Первый-из-красных распалялся прямо на глазах.
– Всем вам будут боевые големы! – заорал он, уже не сдерживаясь. – И тебе, и твоим дружкам, что изо всех сил вцепились в чертову Первую директиву!
Бывший Второй выглядел бесноватым: глаза налились красным, волосы встопорщились, лицо исказила странная гримаса.
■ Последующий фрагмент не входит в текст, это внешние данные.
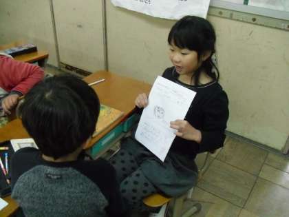 家族がにこにこするのはどんなときなのかを、おうちの人にインタビューしてきました。そして、どんなことでおうちの人はにこにこするのかを交流しました。学校のことを楽しそうに話してくれたとき、お手伝いをしてくれたとき、兄弟なかよくしているとき・・と自分たちが何かをやることで家の人はにこにこしてくれるんだということに気づけました。
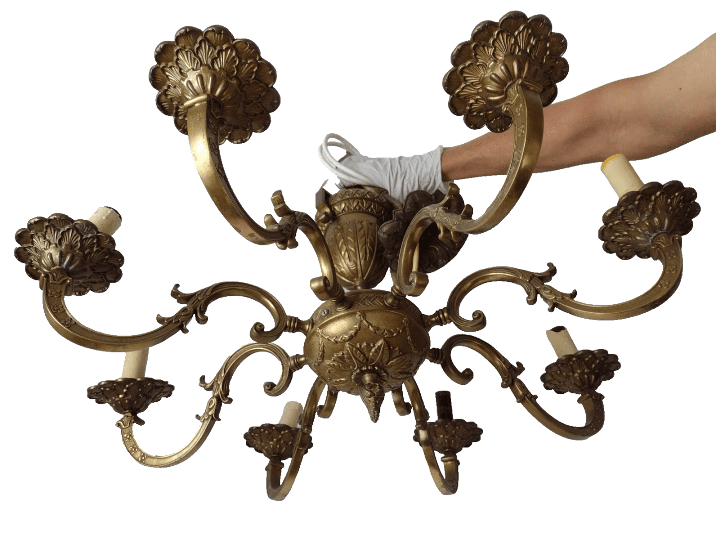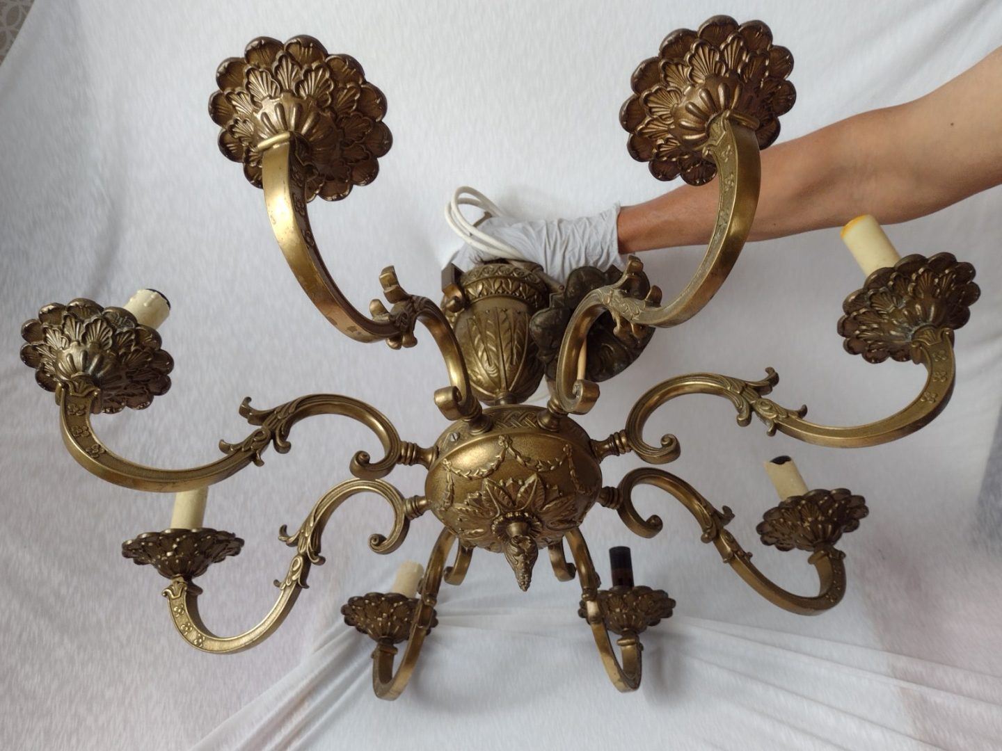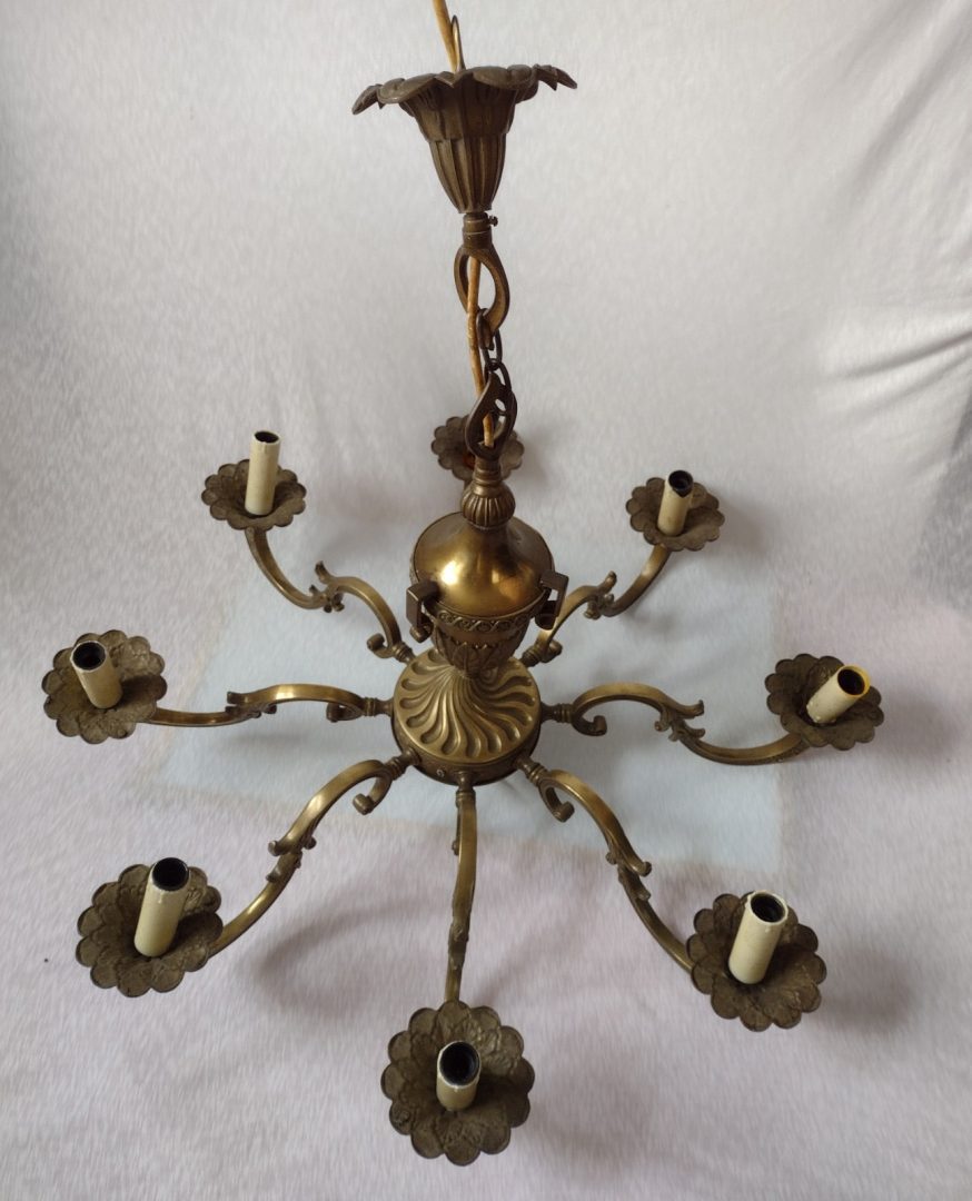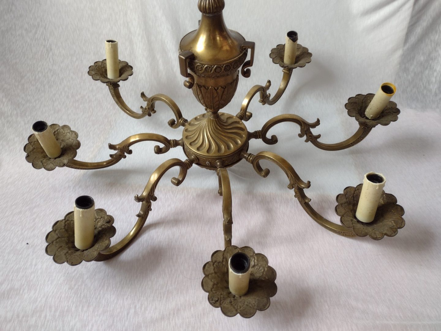18th Century French Heavy Solid Brass Chandelier 8 arms Large 57cm 7.5kg Antique

– Так что теперь ты можешь взять свою директиву и подтереться ею, а потом пусть ею подотрутся все прочие недоумки, что как бараны слушают тебя, вместо того чтобы наконец включить мозги и начать жить! Жить, а не выполнять изо дня в день опостылевшие служебные предписания!
– Ты уже показал местным боевых големов? – обреченно спросил Первый-из-желтых, и голос его пресекся. – Ты даже не замаскировал их?
– С какой стати? Дикари лоб расшибли от усердия, восхваляя железных солдат Красного повелителя. Трясутся от страха и восхваляют без устали…
– Постой…
Первый постарался вернуть своему голосу решительность.
– Пока не поздно, ты и твои техники должны остановиться. Я не имею права знакомить тебя с этой информацией… но боюсь, если этого не сделать, будет только хуже…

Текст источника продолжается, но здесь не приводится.